The Secret Life of Connection Strings In Oracle! (Oracle DBA's Hate Me.)

I don't know if you've ever had to work with Oracle, but if you have, and if you're primarily a .net developer like me, I wonder if your experience is anything like my own.

The very first thing you do with Oracle, as a developer, is to connect to it. And you soon discover that the way connections are specified in Oracle is batshit insane.

With a SQL Server connection string, there are a couple of quirks*, sure. But essentially, the connection string holds all of the details that are used to connect. Every detail you could possibly want goes into the connection string.

(* Regarding connection strings. I've always wanted to register the site "www.FuckingConnectionStrings.com" which simply redirects to "www.ConnectionStrings.com" but is much much easier to remember.)

In Oracle, a connection string is just the first mirror in a long hallway full of mirrors. A hallway that leads into a maze of mirrors, that takes you to a forest filled with monsters and more mirrors.

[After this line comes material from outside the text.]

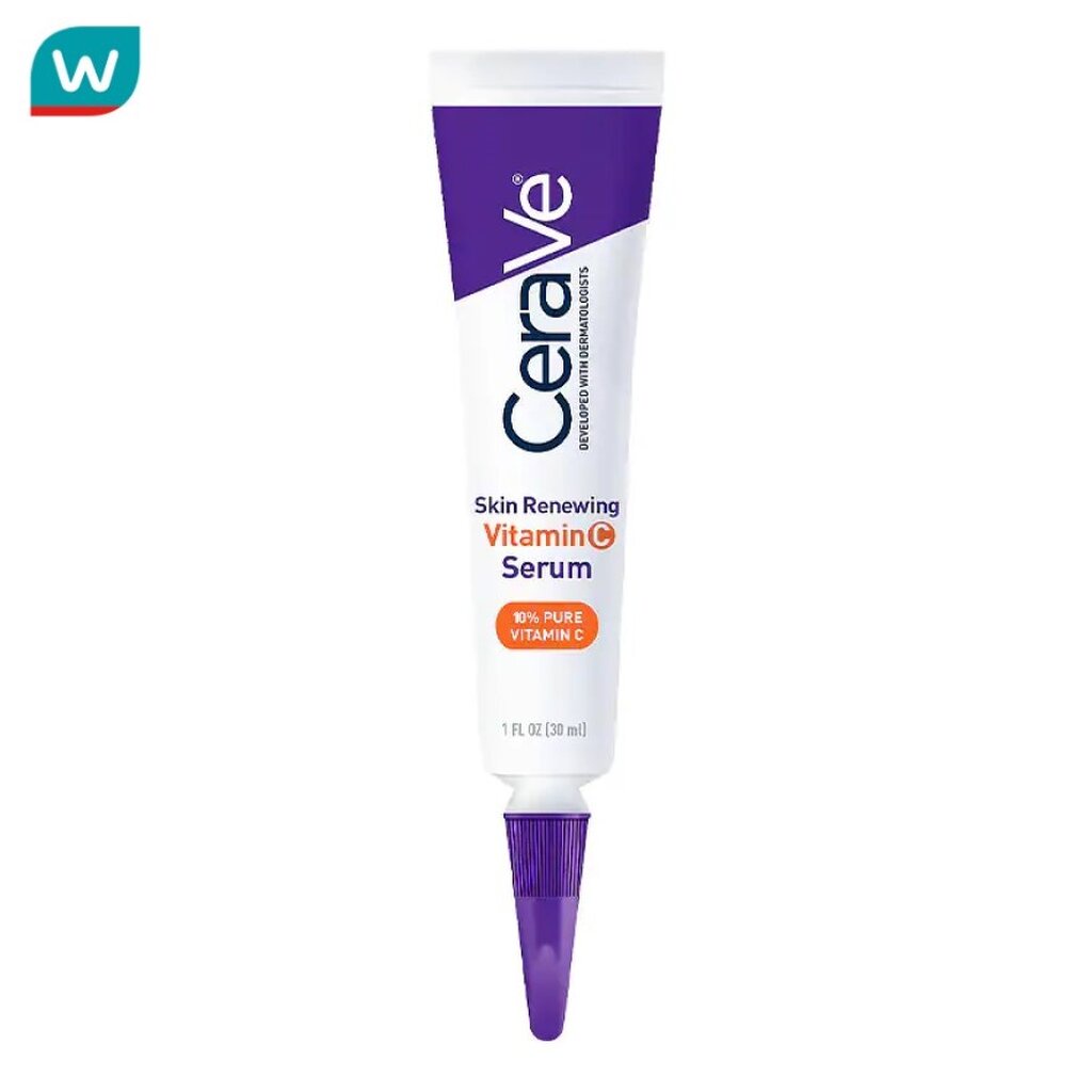 รายละเอียดสินค้า Cerave Skin Renewing Vitamin C Serum เซราวี สกิน รีนิววิ่ง วิตามินซี เซรั่มเซรั่มที่มีวิตามินซีบริสุทธิ์เข้มข้น 10 (แอลแอสคอร์บิก แอซิด) เซรั่มผสานเซราไมด์ 3 ชนิดที่จำเป็นต่อผิว เสริมเกราะปกป้องผิวแข็งแรง ใช้แล้วรู้สึกสบายผิว พร้อมเติมความชุ่มชื้นให้แก่ผิวด้วยอนุพันธ์ไฮยาลูโรนิก

We had an issue recently where a connection string that worked perfectly well on 7 different machines did not work on an 8th machine. When we looked into how the connection worked on those first 7 machines, we found it was different on every single one. When we took this knowledge to the 8th machine, we began to feel a terrible sense of foreboding. The further into the issue we looked, the more terrified we became. Eventually the authorities found our skeletal remains at the bottom of a steep ravine clinging to a well thumbed printout of Oracle documentation.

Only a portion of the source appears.